BLACK PANTHER is thrilling, powerful & elegant black superhero myth making

Black Panther feels as much like a moment as it does a movie. There has been something transformative about the response to what, in another time and place, might have just ended up as another Marvel movie. It’s yet again proof that Marvel are expanding their reach, upping their game, and doubling their odds.

Ryan Coogler’s entry into the Marvel Cinematic Universe, adapting the successful if not widely known outside comic-book circles story of King T’Challa of Wakanda, is the second picture in a row from the comics studio, after Taika Waititi’s Thor: Ragnarok, to feel like the true work of an auteur filmmaker. This has been a balance Kevin Feige’s game-changing franchise has previously struggled with since Jon Favreau’s Iron Man changed the course of blockbuster cinema in 2008; you only have to point to the wreckage of films such as The Incredible Hulk or Thor: The Dark World as good examples of how it took Marvel a while to truly embrace a filmmaker’s singular vision alongside the beats and overarching universal frameworks Marvel have spent a decade building toward, which will reach a conclusion with Avengers: Infinity War this year and its untitled 2019 sequel.
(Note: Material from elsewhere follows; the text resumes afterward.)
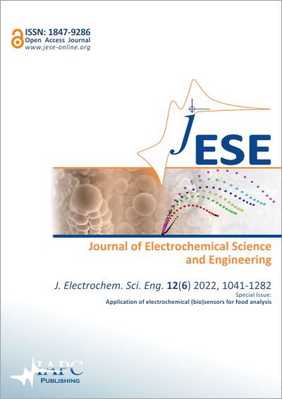 J. Electrochem. Sci. Eng. Vol 12, No 6 was published Special Issue: Application of Electrochemical (Bio)Sensors for Food Analysis Guest editor: Somayeh Tajik FULL ISSUE JESE 12(6) (2022) 1041-1282 Electroanalytical Chemistry Electrochemical strategies for detection of diazinonReview paper Azadeh Lohrasbi‑Nejad J. Electrochem. Sci. Eng., Vol. 12 No. 6 (2022), 1041-1059 Published 17-09-2022; DOI: https://doi.org/10.5599/jese.1379 PDF (722 KB) Electrochemical detection of sulfite in food samplesReview paper Yasser Fakri Mustafa, Gholamabbas Chehardoli, Sepideh Habibzadeh, Zeinab Arzehgar J. Electrochem. Sci. Eng., Vol. 12 No. 6 (2022), 1061-1079 Published 29-11-2022; DOI: https://doi.org/10.5599/jese.1555 PDF (720 KB) An overview of recent advances in the detection of ascorbic acid by electrochemical techniquesReview paper Raed Muslim Mhaibes, Farzaneh Fazeli, Issa Amini, Vahid Azizkhani J. Electrochem. Sci. Eng., Vol. 12 No. 6 (2022), 1081-1098 Published 30-11-2022; DOI: https://doi.org/10.5599/jese.1561 PDF (637 KB) Flower-like MoS2 screen-printed electrode based sensor for the sensitive detection of sunset yellow FCF in food samplesOriginal scientific paper Peyman Mohammadzadeh Jahani J. Electrochem. Sci. Eng., Vol. 12 No. 6 (2022), 1099-1109 Published 23-07-2022; DOI: https://doi.org/10.5599/jese.1413 PDF (687 KB) Electrochemical detection of folic acid using a modified screen printed electrodeOriginal scientific paper Sayed Zia Mohammadi, Farideh Mousazadeh, Maryam Mohammadhasani-Pour J. Electrochem. Sci. Eng., Vol. 12 No. 6 (2022), 1111-1120 Published 27-07-2022; DOI: https://doi.org/10.5599/jese.1360 PDF (804 KB) MnO2 nanorods modified screen-printed electrode for the electrochemical determination of Sudan dye in food sampleOriginal scientific paper Peyman Mohammadzadeh Jahani, Sayed Ali Ahmadi J. Electrochem. Sci. Eng., Vol. 12 No. 6 (2022), 1121-1131 Published 30-07-2022; DOI: https://doi.org/10.5599/jese.1415 PDF (697 KB) A sensitive and simple electrochemical technique for detecting ascorbic acid content in pharmaceutical and biological compoundsOriginal scientific paper Farideh Mousazadeh, Sayed Zia Mohammadi J. Electrochem. Sci. Eng., Vol. 12 No. 6 (2022), 1133-1142 Published 10-08-2022; DOI: https://doi.org/10.5599/jese.1366 PDF (761 KB) A sensitive sensor based on graphitic carbon nitride/1-butyl-3-methylimidazolium hexafluorophosphate ionic liquids modified carbon paste electrode for sensing of carmoisine dye in food samplesOriginal scientific paper Sayed Zia Mohammadi, Farideh Mousazadeh J. Electrochem. Sci. Eng., Vol. 12 No. 6 (2022), 1143-1152 Published 26-08-2022; DOI: https://doi.org/10.5599/jese.1396 PDF (661 KB) Synthesis of vanadium oxide nanoplates for electrochemical detection of amaranth in food samplesOriginal scientific paper Reza Zaeimbashi, Ali Mostafavi, Tayebeh Shamspur J. Electrochem. Sci. Eng., Vol. 12 No. 6 (2022), 1153-1163 Published 06-10-2022; DOI: https://doi.org/10.5599/jese.1394 PDF (1,116 KB) Electrochemical determination of amaranth in food samples by using modified electrodeOriginal scientific paper Sayed Zia Mohammadi, Yar-Mohammad Baghelani, Farideh Mousazadeh, Shamsi Rahimi, Maryam Mohammad-Hassani J. Electrochem. Sci. Eng., Vol. 12 No. 6 (2022), 1165-1177 Published 04-11-2022; DOI: https://doi.org/10.5599/jese.1531 PDF (643 KB) SUPPLEMENTARY MATERIAL (395 KB) Determination of kojic acid using carbon paste electrode modified by [Fe(HL)2Cl2] nano-complex and ionic liquidOriginal scientific paper Mahbubeh Fazli, Niloufar Akbarzadeh-T J. Electrochem. Sci. Eng., Vol. 12 No. 6 (2022), 1179-1192 Published 28-11-2022; DOI: https://doi.org/10.5599/jese.1486 PDF (875 KB) An electrochemical sensor for detection of vanillin in food samples using CuFe2O4 nanoparticles/ionic liquids modified carbon paste electrodeOriginal scientific paper Afsaneh Hajializadeh J. Electrochem. Sci. Eng., Vol. 12 No. 6 (2022), 1193-1203 Published 08-09-2022; DOI: https://doi.org/10.5599/jese.1395 PDF (785 KB) Fe3O4/GO nanocomposite modified glassy carbon electrode as a novel voltammetric sensor for determination of bisphenol AOriginal scientific paper Fariba Beigmoradi, Hadi Beitollahi J. Electrochem. Sci. Eng., Vol. 12 No. 6 (2022), 1205-1214 Published 14-09-2022; DOI: https://doi.org/10.5599/jese.1482 PDF (669 KB) Voltammetric folic acid sensor based on nickel ferrite nanoparticles modified-screen printed graphite electrodeOriginal scientific paper Peyman Mohammadzadeh Jahani, Mohammad Reza Aflatoonian J. Electrochem. Sci. Eng., Vol. 12 No. 6 (2022), 1215-1224 Published 30-11-2022; DOI: https://doi.org/10.5599/jese.1607 PDF (655 KB) Electrochemical Science Screen-printed carbon electrode/natural silica-ceria nanocomposite for electrochemical aptasensor applicationOriginal scientific paper Salma Nur Zakiyyah, Diana Rakhmawaty Eddy, M. Lutfi Firdaus, Toto Subroto, Yeni Wahyuni Hartati J. Electrochem. Sci. Eng., Vol. 12 No. 6 (2022), 1225-1242 Published 06-10-2022; DOI: https://doi.org/10.5599/jese.1455 PDF (1,010 KB) Theoretical and electrochemical analysis of L-serine modified graphite paste electrode for dopamine sensing applications in real samplesOriginal scientific paper Revanappa Santhosh Kumar, Gururaj Kudur Jayaprakash, Siddalinganahalli Manjappa, Mohan Kumar, Avvaru Praveen Kumar J. Electrochem. Sci. Eng., Vol. 12 No. 6 (2022), 1243-1250 Published 04-07-2022; DOI: https://doi.org/10.5599/jese.1390 PDF (668 KB) A WSe2@poly(3,4-ethylenedioxythiophene) nanocomposite-based electrochemical sensor for simultaneous detection of dopamine and uric acidOriginal scientific paper Yasin Tangal, Deniz Coban, Sadik Cogal J. Electrochem. Sci. Eng., Vol. 12 No. 6 (2022), 1251-1259 Published 25-07-2022; DOI: https://doi.org/10.5599/jese.1375 PDF (1,097 KB) Coatings Duplex electroless Ni-P/Ni-Cu-P coatings: Preparation, evaluation of microhardness, friction, wear, and corrosion performanceTechnical report Palash Biswas, Suman Kalyan Das, Prasanta Sahoo J. Electrochem. Sci. Eng., Vol.

Could it be that the reason both Thor: Ragnarok and now Black Panther are such strong entities within the Marvel family is precisely because they didn’t have to particularly fit that framework? That’s a strong possibility. All Waititi had to do was position Thor in a space whereby he could be slotted back into Infinity War – beyond that he had carte blanche to re-imagine the world of Asgard as a neon, Guardians of the Galaxy-esque, 1980’s retro-futuristic blend of mythology and Antipodean eccentricity, and for the most part it worked beautifully.

Coogler has perhaps even greater freedom with Black Panther, allowed as he is to truly develop the internal mythology and world of Wakanda around what isn’t a traditional origin story for T’Challa, given his previous introduction in Captain America: Civil War, but something deeper: a liberal-minded tale of colonial rejection, imperialist globalisation, and the haunting embers of black persecution.